Only one stretch of lines is wanted: the line with "Il modello presenta" through the final line of the material. Restate it word for word, minus pictures.

- [Data extract]:
+++

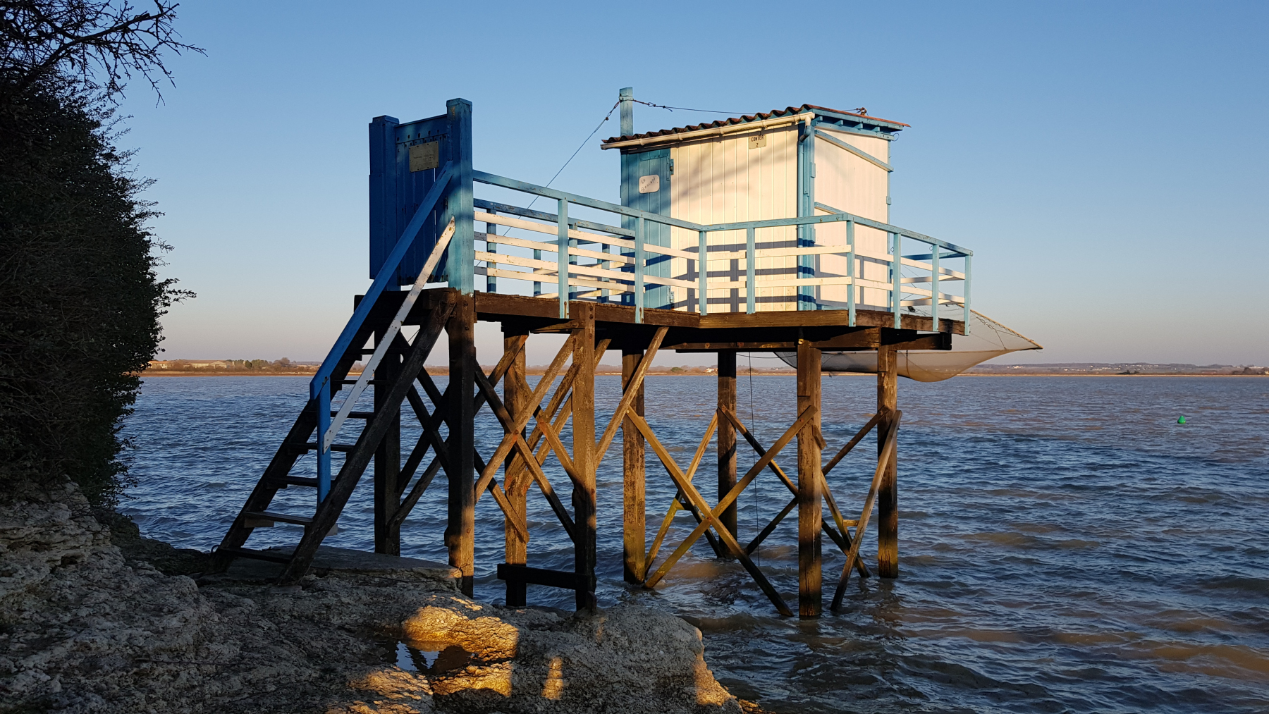 Es gibt so viele Sachen – so unterschiedlicher Art – zu sehen. Meschers sur gironde ist wieder so ein besonderer Ort. Hier warten die in die Klippen (falaises) hineingetriebenen Höhlen auf uns. Sie dienten als Fischerhütten, als Getreidespeicher, als Verstecke der Protestanten oder im 19. Jahrhundert als einfache Kneipen. Leider ist alles zu und wir können keine von innen besichtigen. Fotogen sind sie aber so schon. Wir finden einen kleinen Abgang runter zum Wasser. Toll. Wir gehen direkt an den Fischerhütten (Carrellets) vorbei. Sorry, aber einfach fotogen.
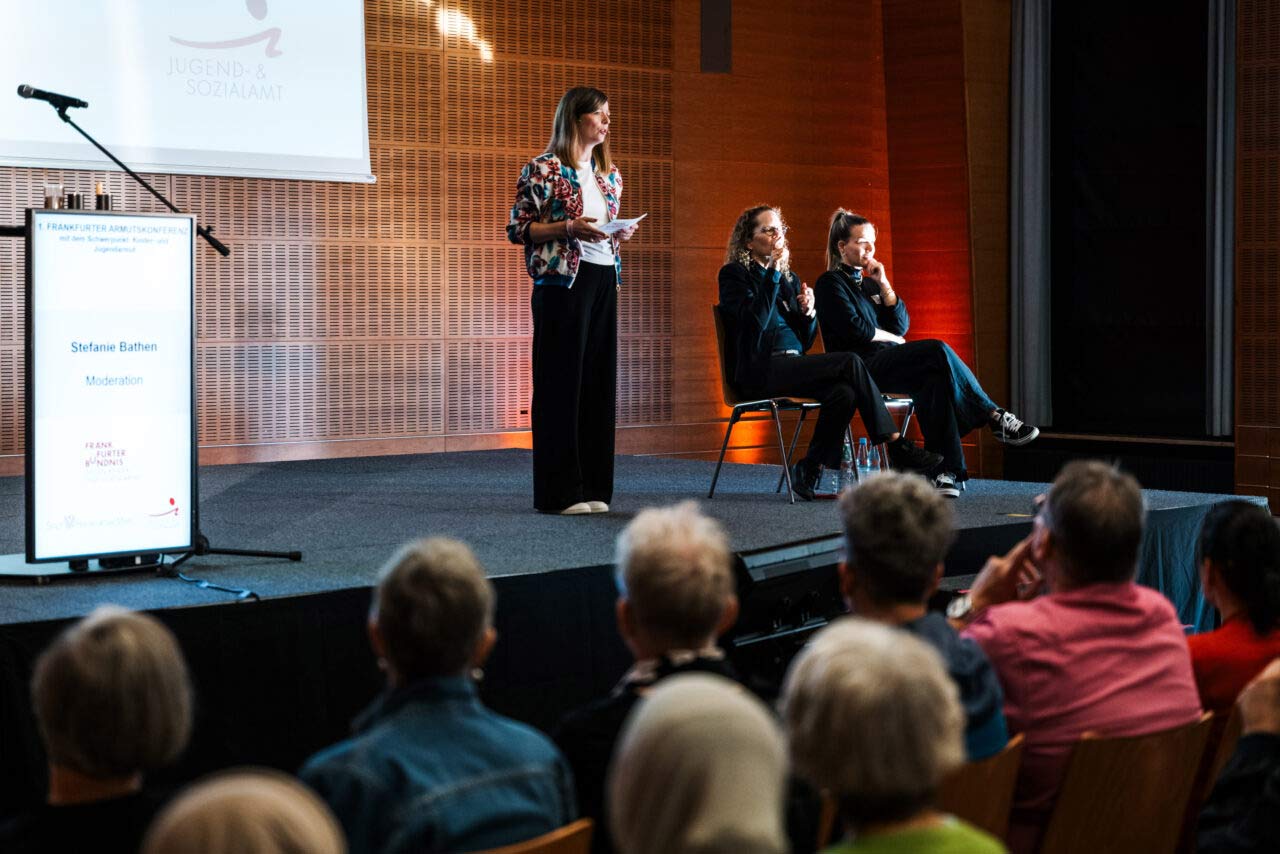 Als Moderatorin bereite ich mich auf jede Veranstaltung intensiv vor. In Gesprächen mit den verantwortlichen Personen finde ich Ziele und Herausforderung des Vorhabens heraus, ich lese Konzepte und Hintergrundpapiere. In diesem Fall war es wichtig, zu verstehen warum die Stadt Frankfurt einen neuen Weg geht und ein Bündnis gegen Kinder- und Jugendarmut gegründet hat. Diese Informationen lasse ich in meine Anmoderation einfließen und gebe dem Publikum inhaltliche Orientierung. Dazu verwende ich eine Sprache, die für alle, dem Fachpublikum und die breite Öffentlichkeit, verständlich ist.
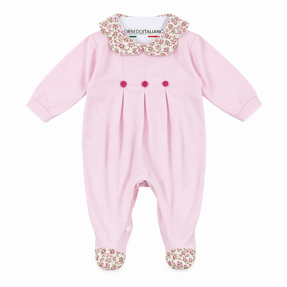 Il modello presenta un raffinato colletto arrotondato con stampa floreale, che si abbina ai dettagli sui piedini, donando un tocco di dolcezza al design.
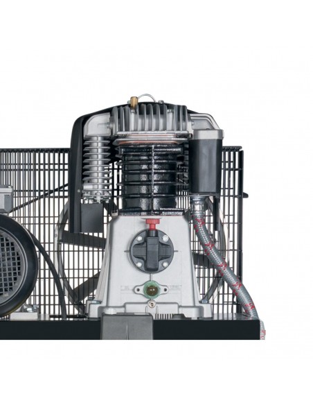 - Chłodnica końcowa z dużymi żebrami chłodzącymi powoduje niską temperaturę na wlocie do kotła i mniejszą wilgotność sprężonego powietrza w celu ochrony narzędzi pneumatycznych

+++

- [Result below]:
 Il modello presenta un raffinato colletto arrotondato con stampa floreale, che si abbina ai dettagli sui piedini, donando un tocco di dolcezza al design.
 - Chłodnica końcowa z dużymi żebrami chłodzącymi powoduje niską temperaturę na wlocie do kotła i mniejszą wilgotność sprężonego powietrza w celu ochrony narzędzi pneumatycznych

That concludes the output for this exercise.